On Mon, Jul 26, 2021 at 1:11 PM Kyle Bendickson
<[email protected]> wrote:

> Hi @Pavan @Panos,
>
> In case that link isn’t working, here’s the stack trace from the NPE
> during the specific test. I was trying to get my debugger to step through
> it, but I’m having issues with IntelliJ using the correct sources when I
> use the debugger. I might have to nuke all of my gradle dependencies and
> then start over.
>
> Here’s a link to the specific code for the test that is throwing the NPE <
> https://github.com/kbendick/iceberg/blob/b58d9064b2839989d15b9e0ca0192eb077367c33/flink/src/test/java/org/apache/iceberg/flink/data/TestFlinkOrcReaderWriter.java#L81-L92
> >
>
> And here’s a link to the actual test in the super class that is causing
> it. <
> https://github.com/kbendick/iceberg/blob/b58d9064b2839989d15b9e0ca0192eb077367c33/data/src/test/java/org/apache/iceberg/data/DataTest.java#L134-L171
> >
>
> If you want to test it out yourself, you can clone my repo, check out the
> `upgrade-orc-to-170-test` branch, and then run the test.
>
> $ git clone [email protected]:kbendick/iceberg.git && cd iceberg && git
> checkout upgrade-orc-to-170-test && ./gradlew iceberg-flink:test
>
> I will try to get my debugger working so I can actually further
> investigate. The test does fail in CLIl, but my debugger environment is
> having issues and using older sources.
>
> Thanks, Kyle
>
> Stack trace of failure:
>
> org.apache.iceberg.flink.data.TestFlinkOrcReaderWriter > testMixedTypes
> FAILED
> 7550
>  <
> https://github.com/kbendick/iceberg/pull/42/checks?check_run_id=3095034630#step:6:7550>
>   java.lang.NullPointerException
> 7551
>  <
> https://github.com/kbendick/iceberg/pull/42/checks?check_run_id=3095034630#step:6:7551>
>       at
> org.apache.orc.impl.PhysicalFsWriter.writeFileMetadata(PhysicalFsWriter.java:416)
> 7552
>  <
> https://github.com/kbendick/iceberg/pull/42/checks?check_run_id=3095034630#step:6:7552>
>       at org.apache.orc.impl.WriterImpl.writeMetadata(WriterImpl.java:575)
> 7553
>  <
> https://github.com/kbendick/iceberg/pull/42/checks?check_run_id=3095034630#step:6:7553>
>       at org.apache.orc.impl.WriterImpl.writeFooter(WriterImpl.java:640)
> 7554
>  <
> https://github.com/kbendick/iceberg/pull/42/checks?check_run_id=3095034630#step:6:7554>
>       at org.apache.orc.impl.WriterImpl.close(WriterImpl.java:732)
> 7555
>  <
> https://github.com/kbendick/iceberg/pull/42/checks?check_run_id=3095034630#step:6:7555>
>       at
> org.apache.iceberg.orc.OrcFileAppender.close(OrcFileAppender.java:127)
> 7556
>  <
> https://github.com/kbendick/iceberg/pull/42/checks?check_run_id=3095034630#step:6:7556>
>       at
> org.apache.iceberg.flink.data.TestFlinkOrcReaderWriter.writeAndValidate(TestFlinkOrcReaderWriter.java:61)
>
>
> 
>
> Kyle Bendickson
> Software Engineer
> Apple
> ACS Data
> One Apple Park Way,
> Cupertino, CA 95014, USA
> [email protected]
>
> This email and any attachments may be privileged and may contain
> confidential information intended only for the recipient(s) named above.

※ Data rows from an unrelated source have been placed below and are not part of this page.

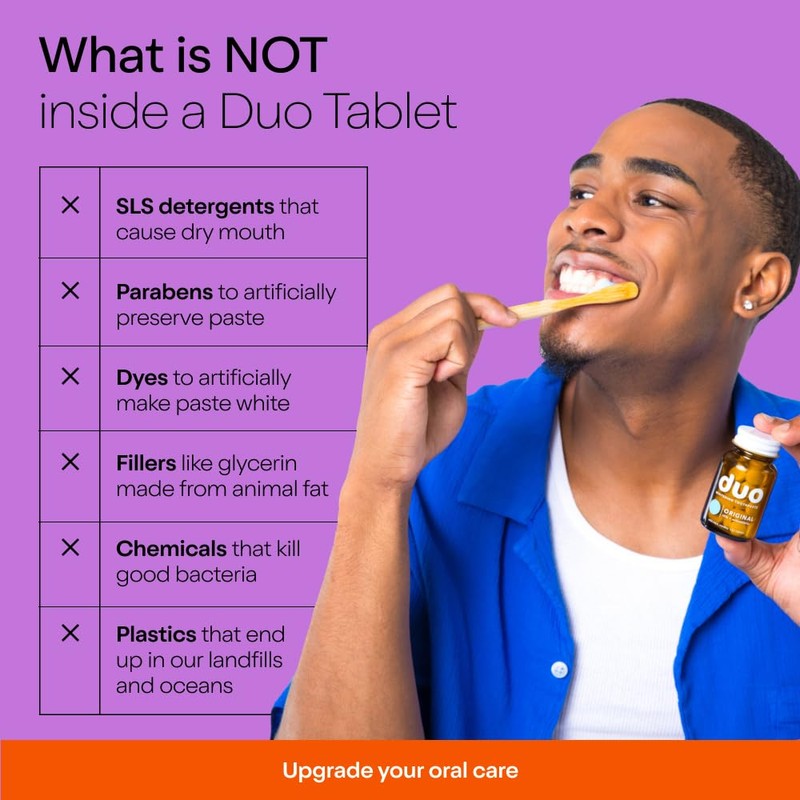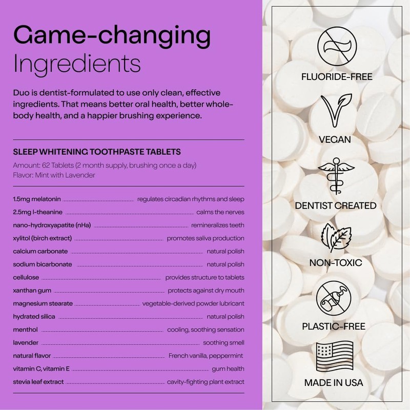 - WHITENING TOOTHPASTE FOR BEDTIME - Improve your dental health with our Duo Whitening Toothpaste before bedtime with luxurious Lavender Mint that soothes and calms to help you leave the day behind. This unique fusion of a whitening toothpaste tablet and calming ingredients is designed to brighten your smile while preparing you for a peaceful rest. Experience visible whitening, strengthening, and protection for your teeth.
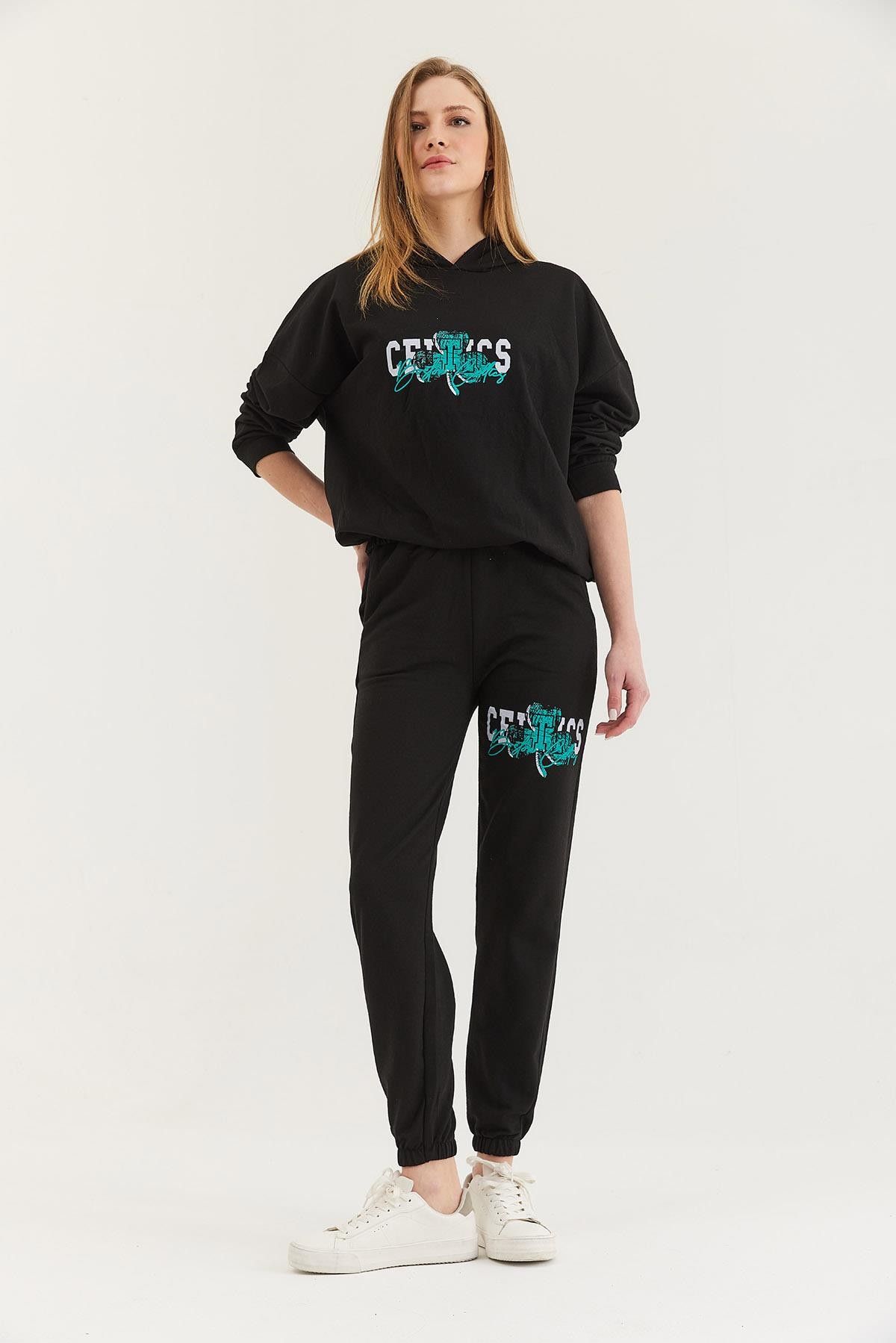 Kapüşonlu Baskılı Eşofman Takım Siyah
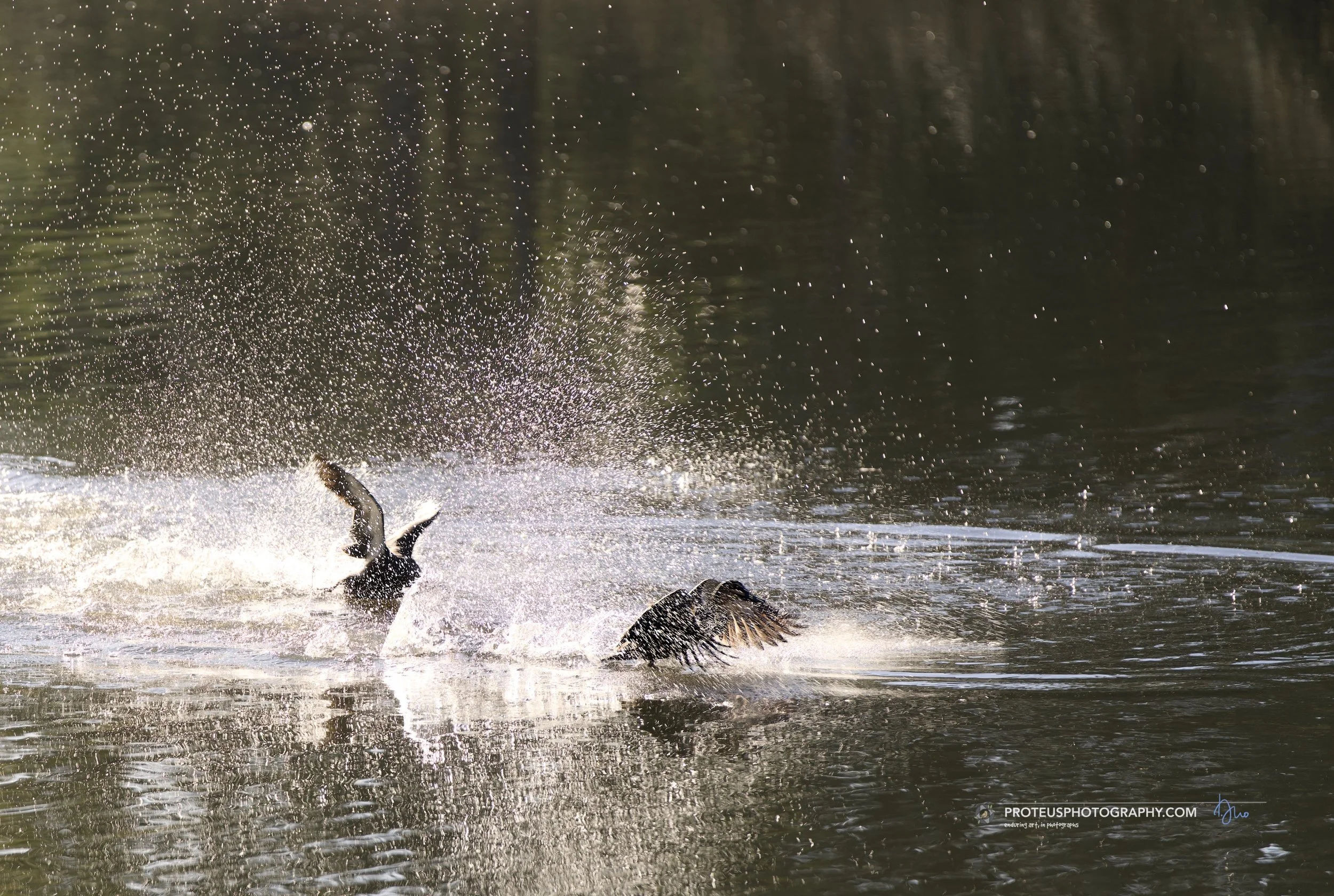 crash landing by this pair of pacific black ducks (anas superciliosa)
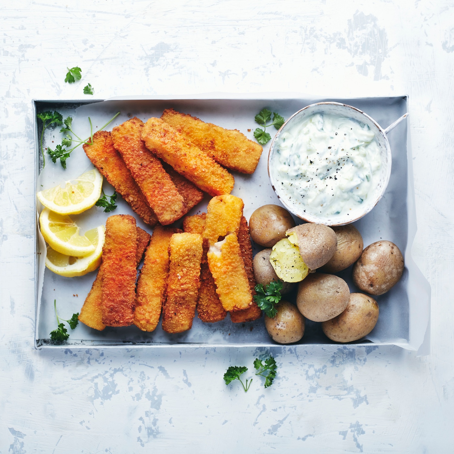 Gebratener Fisch (Fischstäbchen) mit leichtem Gurken-Joghurt-Dip
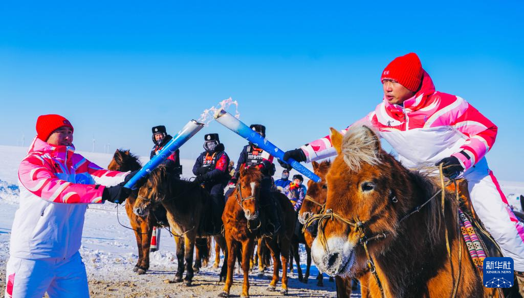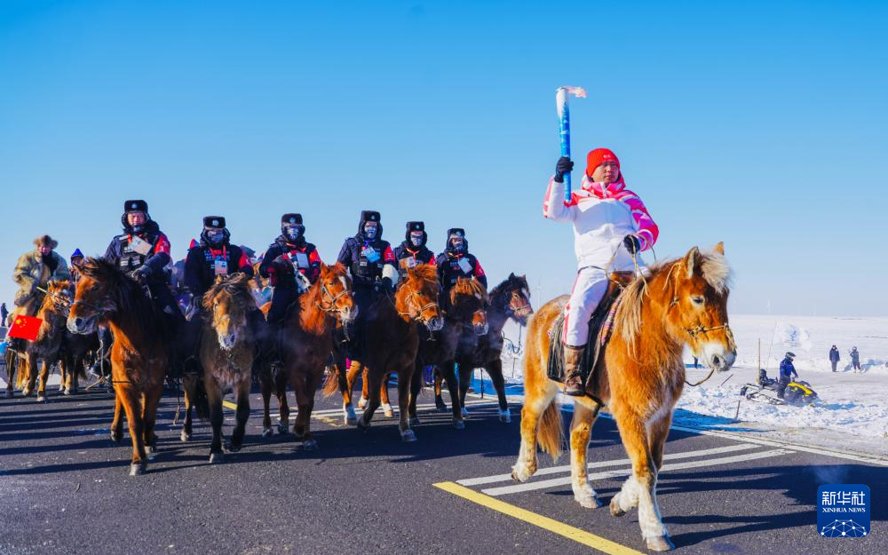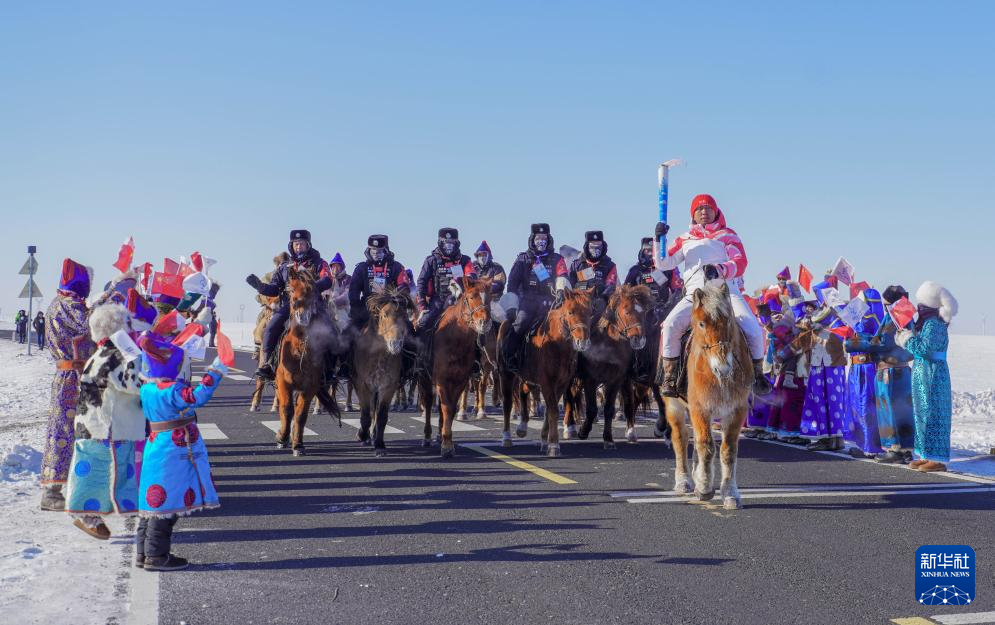 2月3日,火炬手米吉格道尔吉在火炬传递活动中骑马传递火炬。新华社发(西日呼摄)
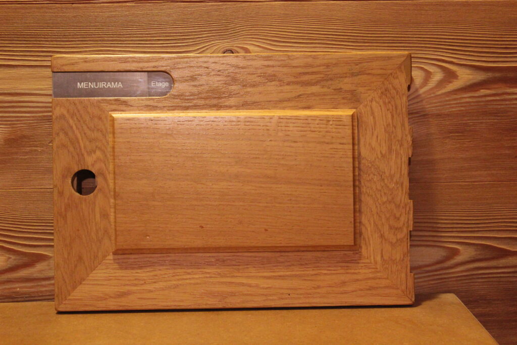 Fabrication en panneaux tout chêne avec 1 âme centrale et 2 parements. Rainure en « V » décorative. Teinte au choix sur toute la palette, teinte sur mesure possible, vernis 2 couches.
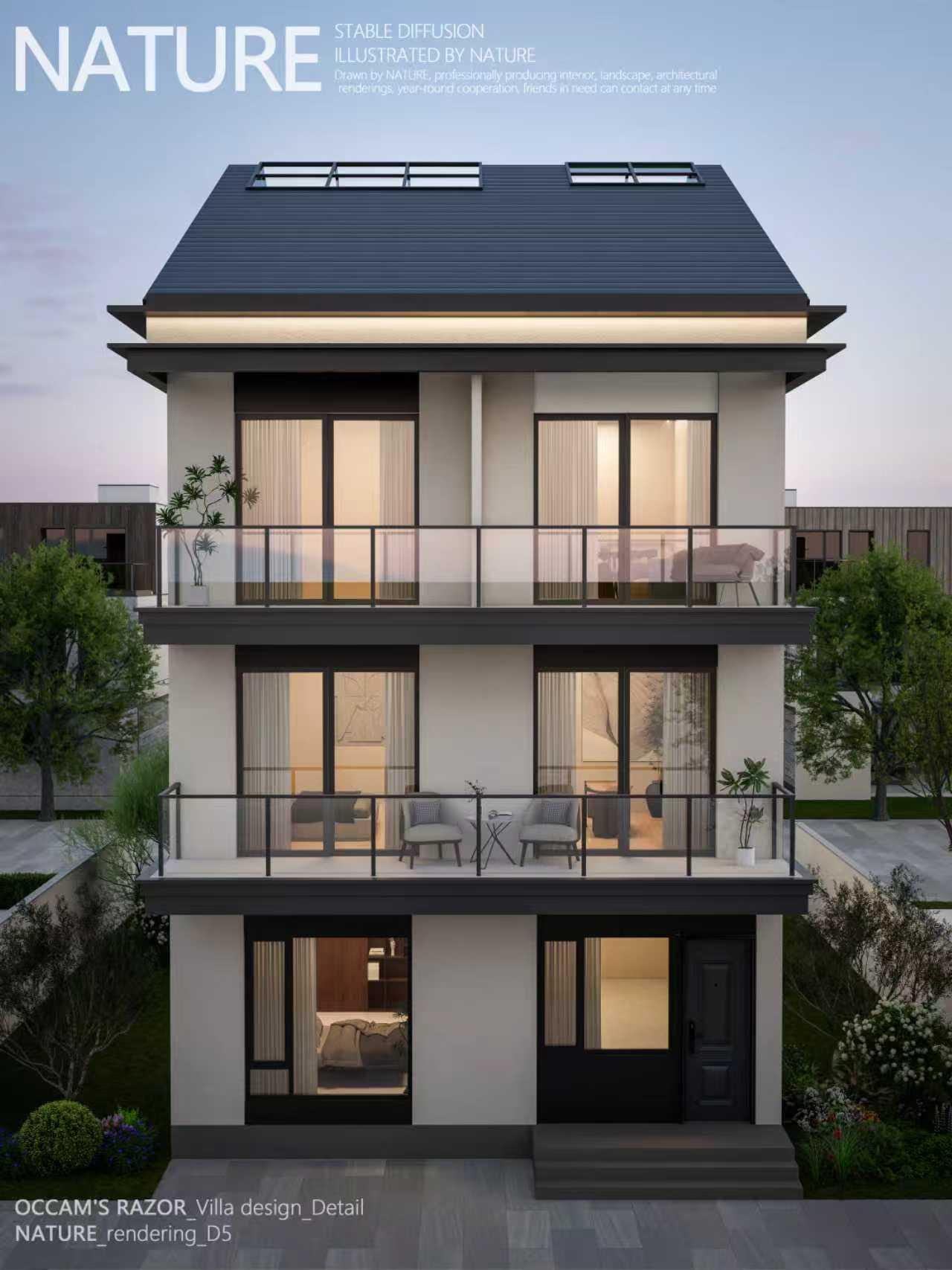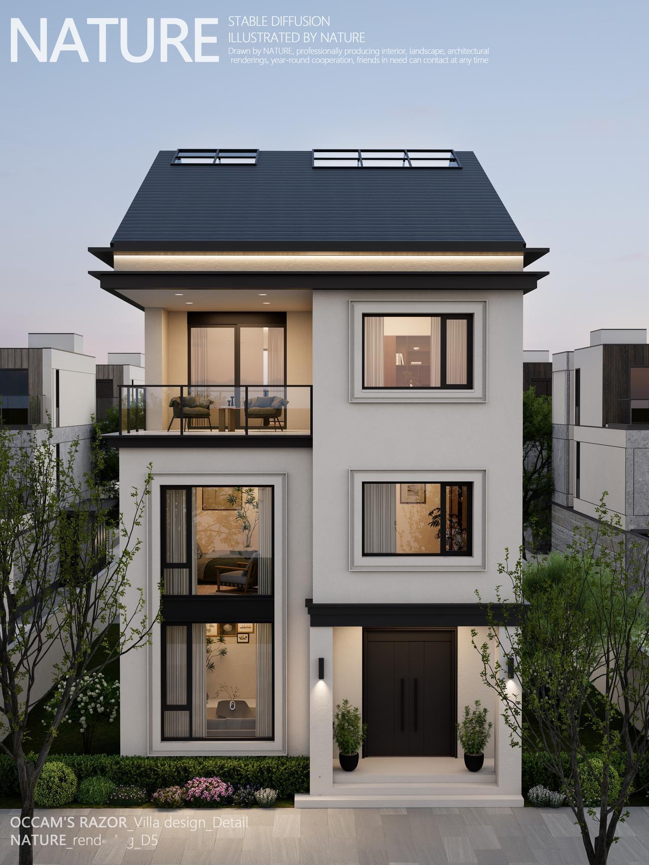 新作上市,8MX16M的宅基地如何实现别墅和现代感,可以参考这个作品,三段式的设计手法,暖灰色的外立面+蓝色坡屋顶,一幢可以传承100年的自建别墅就这样出现了,这几天准备一下完整的平立剖给大家分享和参考,敬请关注和期待。

> Any other distribution, forwarding, copying or disclosure of this message
> is strictly prohibited. If you have received this email in error, please
> notify me immediately by telephone or return email, and delete this message
> from your system.
>
>
> > On Jul 26, 2021, at 9:18 AM, Pavan Lanka <[email protected]>
> wrote:
> >
> > @Panos,
> >
> > Here is the link to the specific failure for NPE.
> > https://github.com/kbendick/iceberg/runs/3156762084#step:6:7499
> >
> > I will also try to take a look at this today to see what is causing this.
> >
> > Regards,
> > Pavan
> >
> >> On Jul 26, 2021, at 8:30 AM, Panos Garefalakis <[email protected]>
> wrote:
> >>
> >> Thanks both for keeping us posted!
> >> Seems like we are going to need another Storage-api release to fix the
> >> dependency issue that was discovered recerntly.
> >> @Kyle Regarding the HT dictionary regression -- seems to be quite
> critical.
> >> Can you please point to the actual failing test? I could only find build
> >> failures in the logs..
> >> Regarding the JMH benchmarks, I am a happy user myself --
> >> *ORCWriterBenchMark* was created for this very reason.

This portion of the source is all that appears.